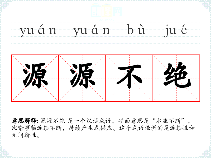 在英语中,类似的表达有“unceasing”或“continuous”,但“源源不绝”更强调连续性和无间断性。
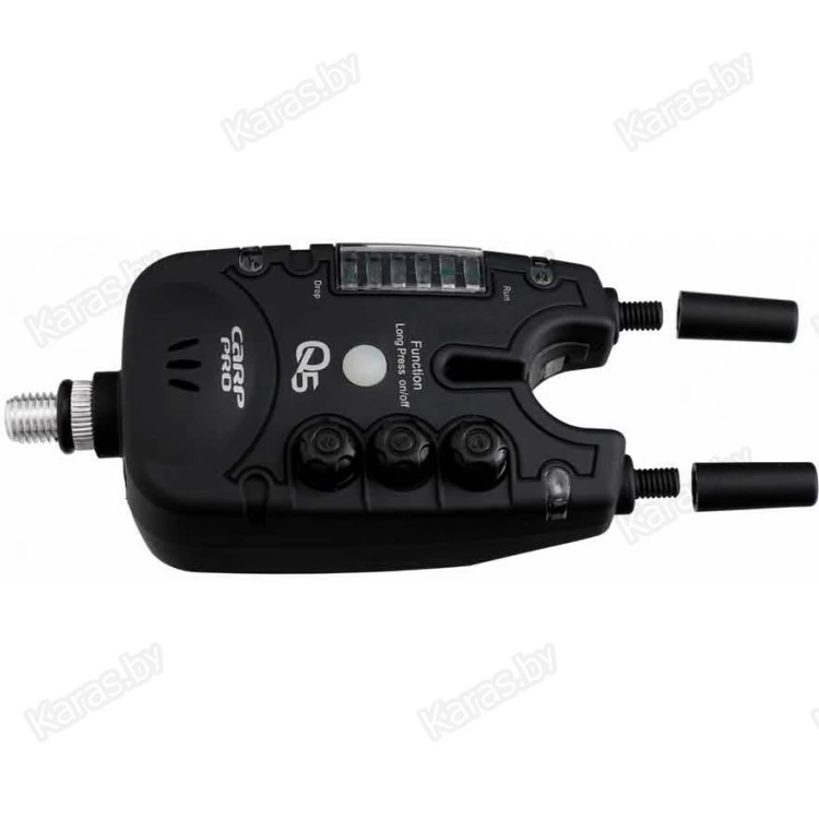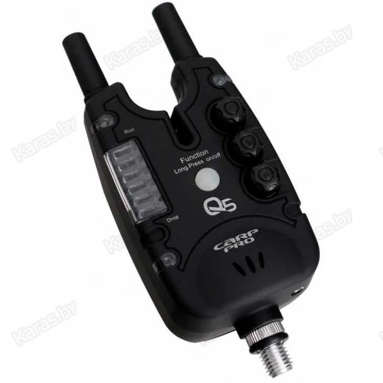 Прочный корпус сигнализатора поклевки выполнен из пластика, имеет влагозащиту и оборудован боковыми фиксаторами Snag Ears, которые не дают удилищу упасть при порывах бокового ветра и мощных боковых поклевках. Сигнализатор CarpPro Q5 выдает звук разной тональности при поклевках от берега и к берегу. Звук дублируется световой индикацией: бегущая дорожка светодиодов показывает направление поклевки. На корпусе установлены три ручки, которые регулируют тон, громкость звука, а также чувствительность сигнализатора. Во время вращения ручки упомянутый световой индикатор отображает установленный уровень громкости, тона, чувствительности – в зависимости от того, какую ручку вращать. На передней панели находится датчик освещенности, который в темное время суток включает ночной режим – подсветку центральной белой кнопки. Сигнализатор оборудован режимом «антивор»: если его включить, то при снятии удилища с сигнализатора включается громкий звуковой сигнал, сопровождающийся миганием подсветки.
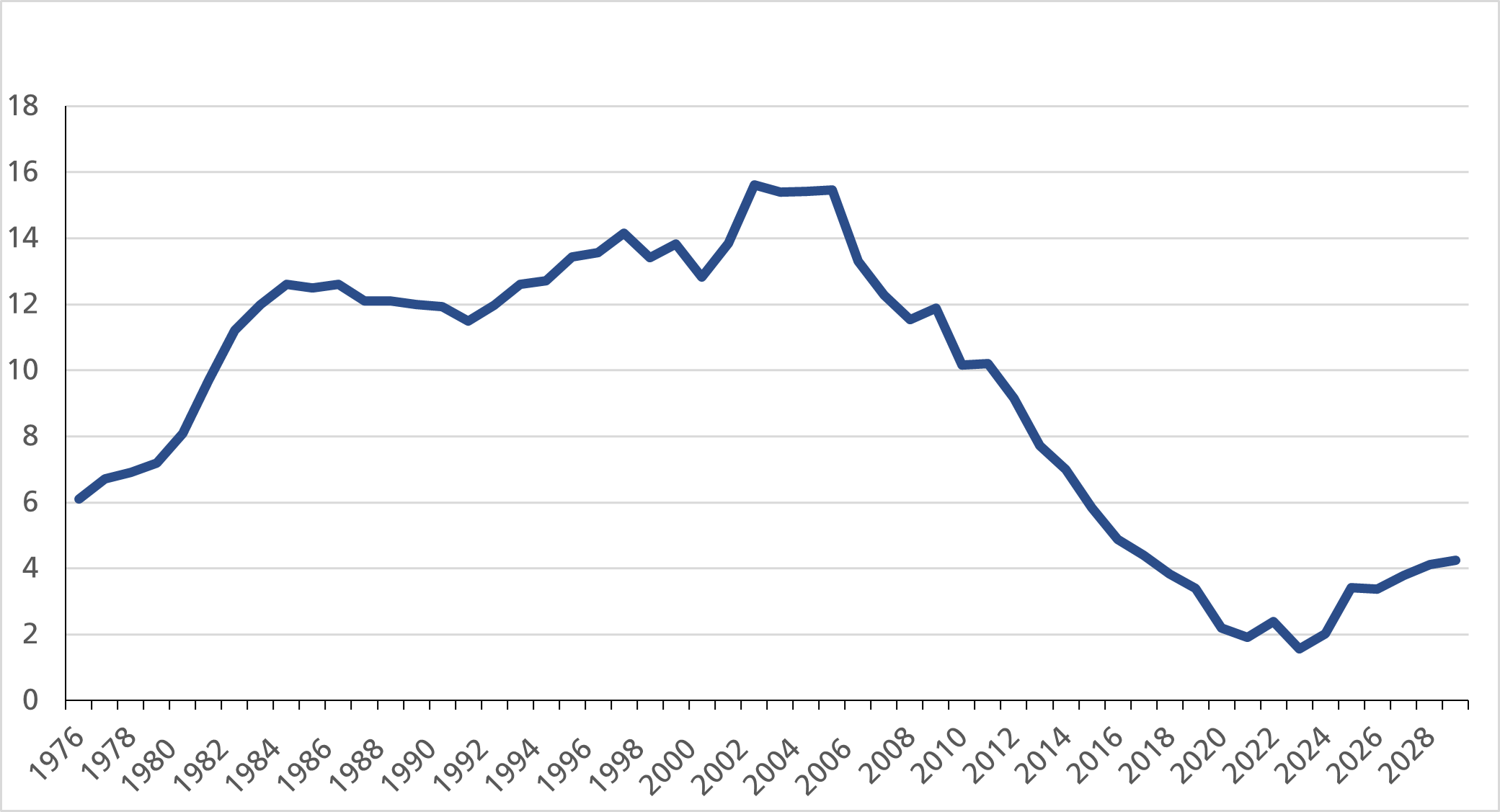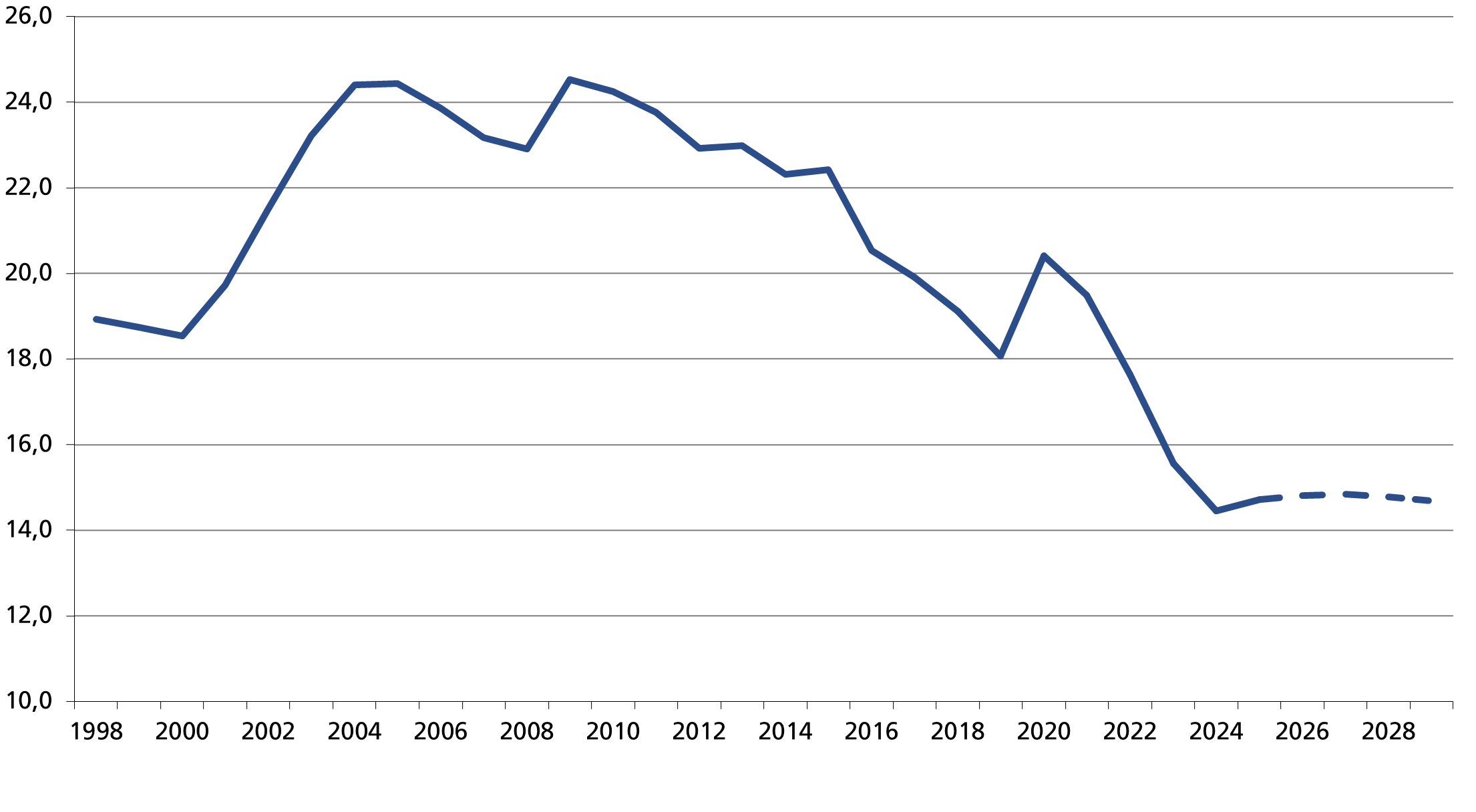 Anfang der Nuller-Jahre bewegte sich diese auf einem hohen Niveau. Mehr als 15 Prozent der Einnahmen des Staates waren zeitweise für die Finanzierung von Schulden gebunden. Sie konnte ab 2006 aber deutlich reduziert werden auf zuletzt 3,6 Prozent im Jahr 2024. In den kommenden Jahren wird sie nach aktuellen Prognosen voraussichtlich wieder leicht auf über 4 Prozent ansteigen, sich damit aber weiterhin auf einem niedrigen Niveau bewegen.
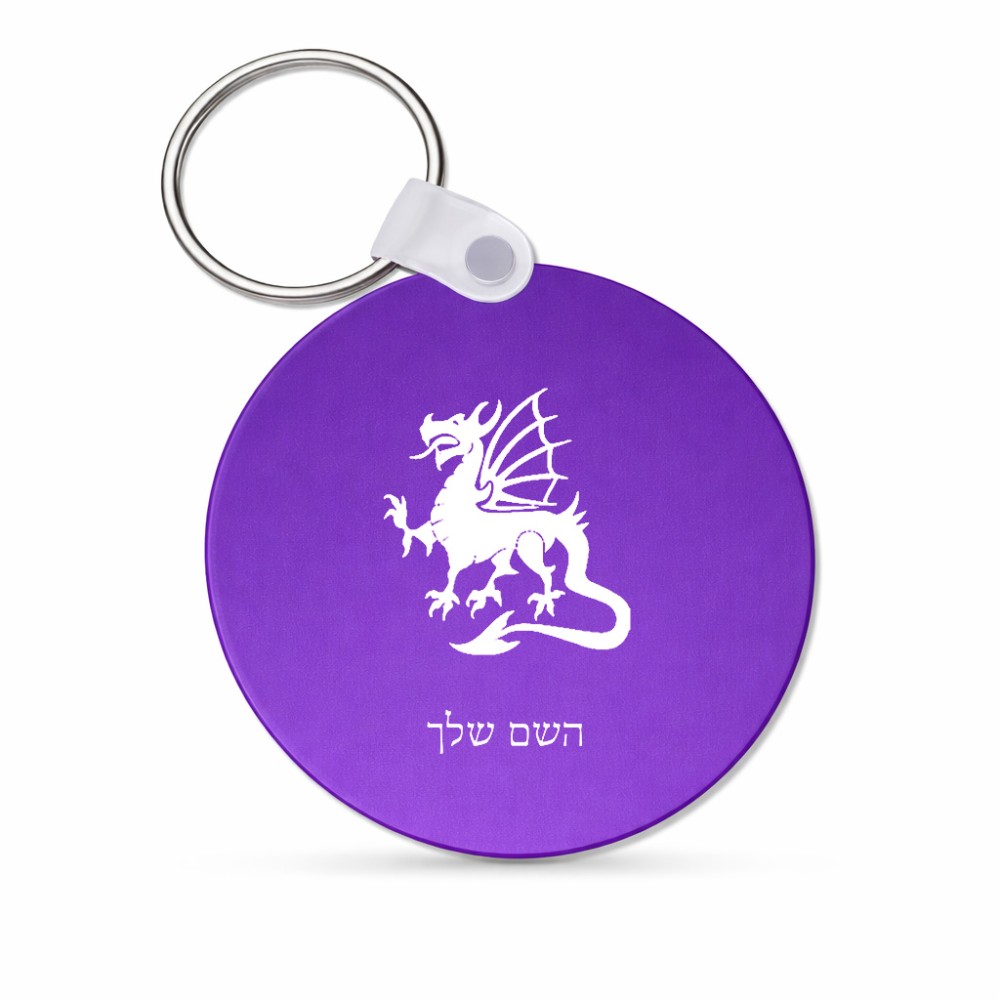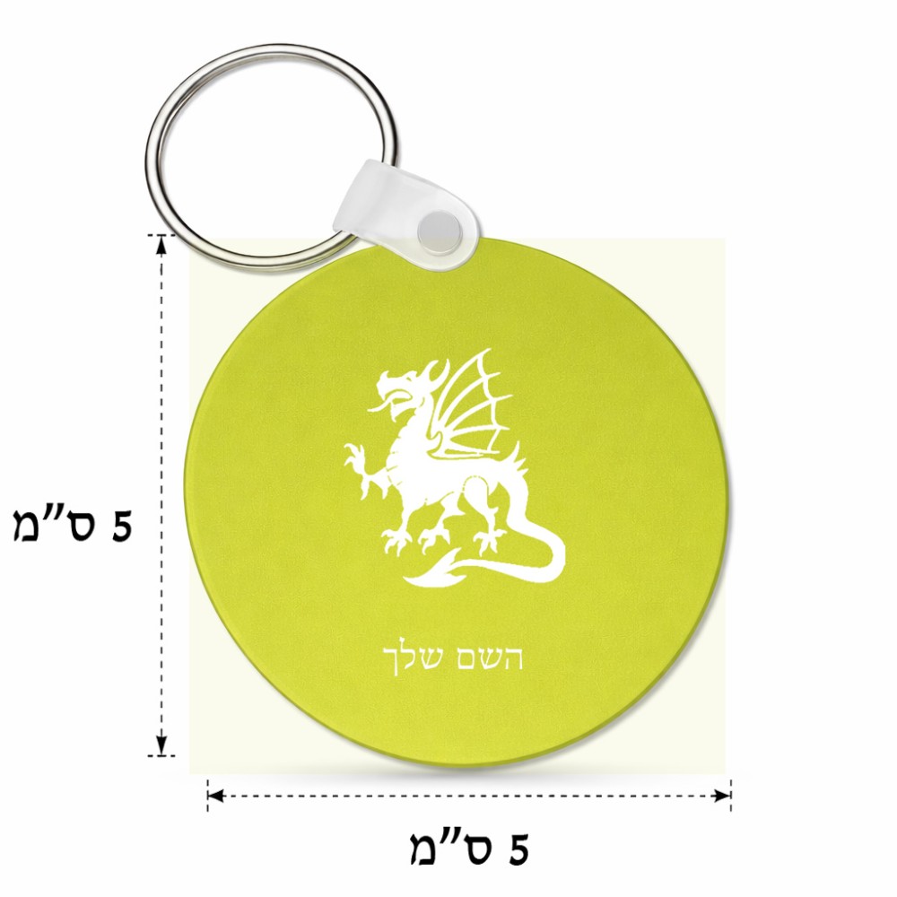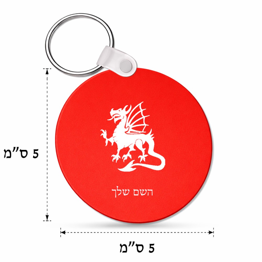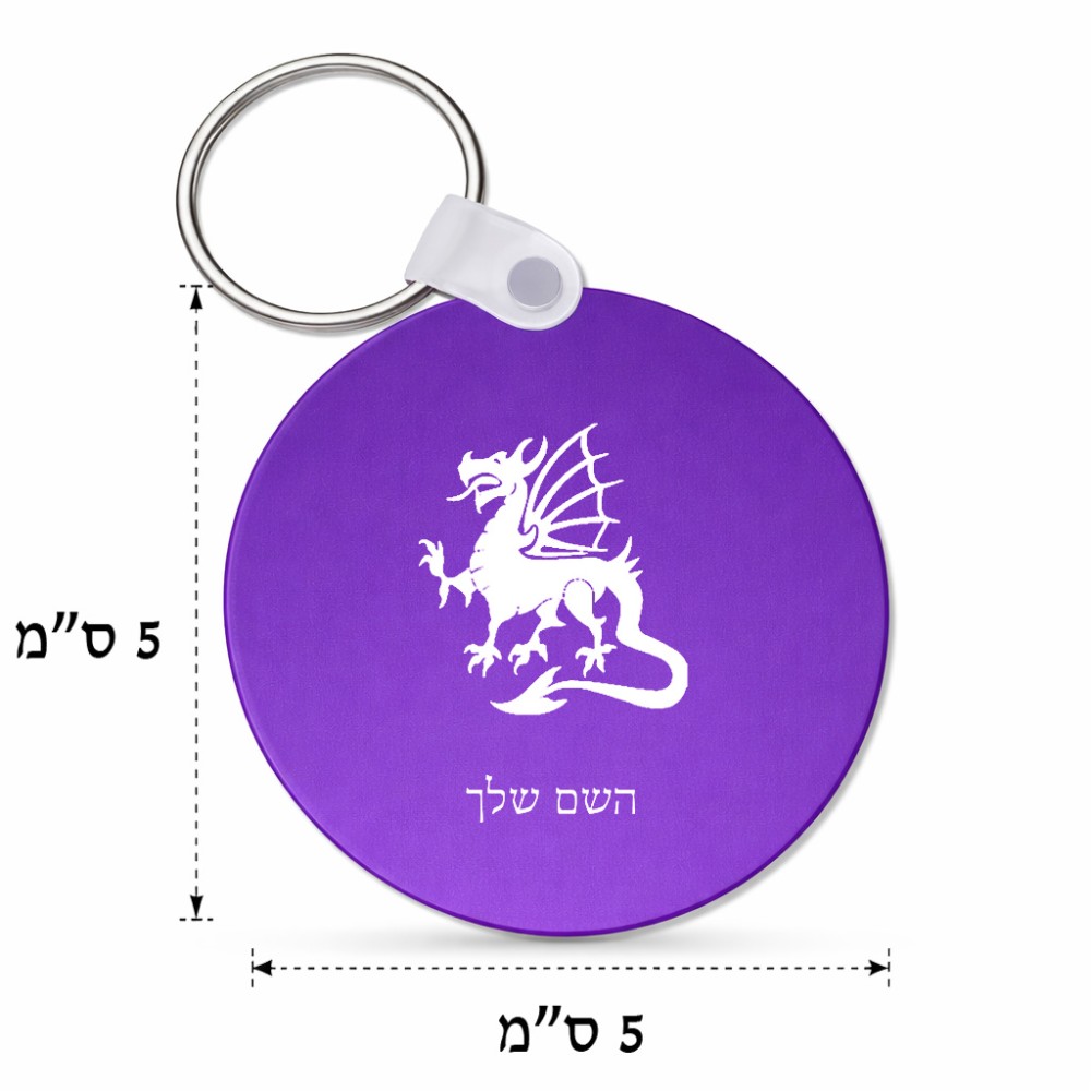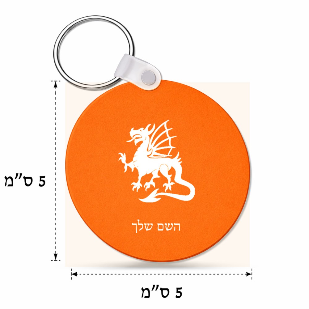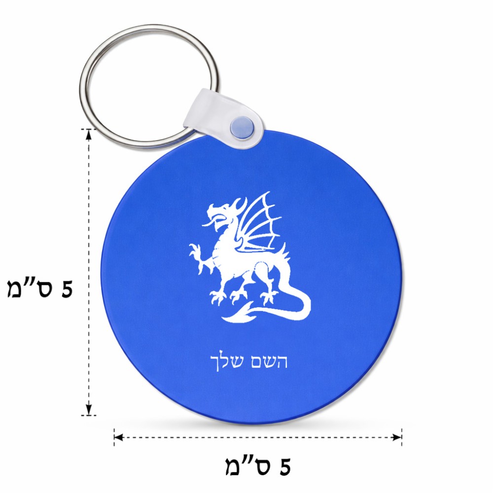 מחזיק מפתחות בצורת עיגול בעיצוב אישי עם השם שלך בעיצוב דרקון גודל המחזיק 5 × 5 ס"מ. את השם המבוקש ניתן לציין בהזמנה, אם לא צויין אנחנו ניצור קשר לבירור.
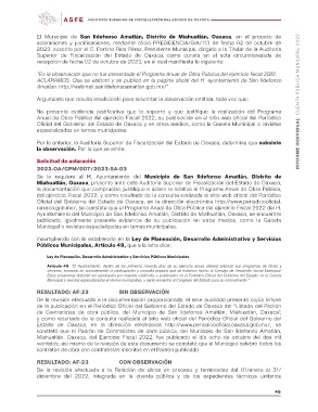 “En la observación que no fue presentado el Programa Anual de Obra Pública del ejercicio fiscal 2022.
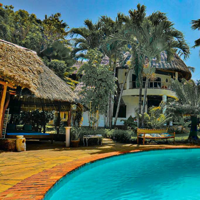 Just a 6‑minute walk from Galu Beach, Upani offers serene rooms and cottages nestled in leafy gardens. Features include a sun terrace, year‑round outdoor pool, shared kitchen option, spa, and wellness packages.

▸ PROMPT: Reproduce the records above exactly, but only from the line with "מחזיק מפתחות בצורת" up to and including the line with "ejercicio fiscal 2022.". Leave the pictures out.

▸ FINISHED TASK:
 מחזיק מפתחות בצורת עיגול בעיצוב אישי עם השם שלך בעיצוב דרקון גודל המחזיק 5 × 5 ס"מ. את השם המבוקש ניתן לציין בהזמנה, אם לא צויין אנחנו ניצור קשר לבירור.
 “En la observación que no fue presentado el Programa Anual de Obra Pública del ejercicio fiscal 2022.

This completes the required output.